The EU Directive on Whistleblowing requires all Member States to adopt common minimum standards for whistleblowing protection. Employers must establish internal channels to receive reports. Most wrongdoing is disclosed internally with workers reporting concerns to supervisors or other line management. Professional duties or contractual job responsibilities may mandate reporting protocols (eg inspections or audit). Both may result in retaliation the threat of which chills free flow of information, necessary for organisational safeguards and informed decision-making. Forcing employees to report through designated officers as ‘middlemen’ inherently delays getting information into the right hands. If the law only protects reports made via singular channels, this will lead to unnecessary bottlenecks and creates a serious loophole in the framework which will fail to protect the majority of whistleblowing, undermining the spirit of the Directive.

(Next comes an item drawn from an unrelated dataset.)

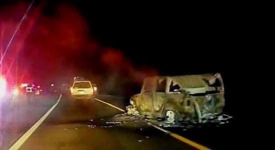 También fue encontrado un auto, jeep, calcinado totalmente. En su interior estaban tres personas calcinadas; Dos hombres y una mujer. En el auto fue encontrada un arma de fuego.

The Directive must be implemented to protect all internal reports of suspected wrongdoing to any responsible official whether or not they are the designated person or reporting channel.
Argumentation / Refer to:
Freedom to choose the most appropriate reporting channel based on the individual circumstances of the case is at the heart of the Directive.
Recital 62, also emphasises: ‘...protection where Union or national law requires the reporting persons to report to the competent national authorities, for instance as part of their job duties and responsibilities…’
Recital 33 defines internal reporting as: ‘…the best way to get information to the persons who can contribute to the early and effective resolution of risks to the public interest.” Recital 47 states: ‘…it is vital that the relevant information reaches swiftly those closest to the source of the problem, most able to investigate and with powers to remedy…’
The law must not conflict with internationally recognized standards for institutional whistleblowing policies (eg draft ISO 37002) and parallel reporting regimes at EU and national level (e.g. civil aviation or child safeguarding.)
Articles 7 (1) and 9 are however not sufficiently explicit that reporting to line managers or other internal reporting mechanisms is protected and must be carefully read and implemented to clarify that both are.
Not all organisations are obliged to establish reporting channels (eg employers with under 50 employees) but all workers need protection.
‘Chain of command’ and incident reporting lines are most natural and proximate to receive and address workplace wrongdoing (see s. 3.3 (para 44) Council of Europe 2014 draft Resolution.)
Protecting all internal reporting is consistent with a worker’s fundamental rights including to freedom of expression under Article 10 of the ECHR see Guja v. Moldova (2008, ECtHR) and Article 19 UDHR see 2019 report.
Example:
Under section 43 c (1) PIDA (UK), a disclosure is protected to any person senior to the worker, who has been expressly or implicitly authorized by the employer as having management responsibility over the worker.[1]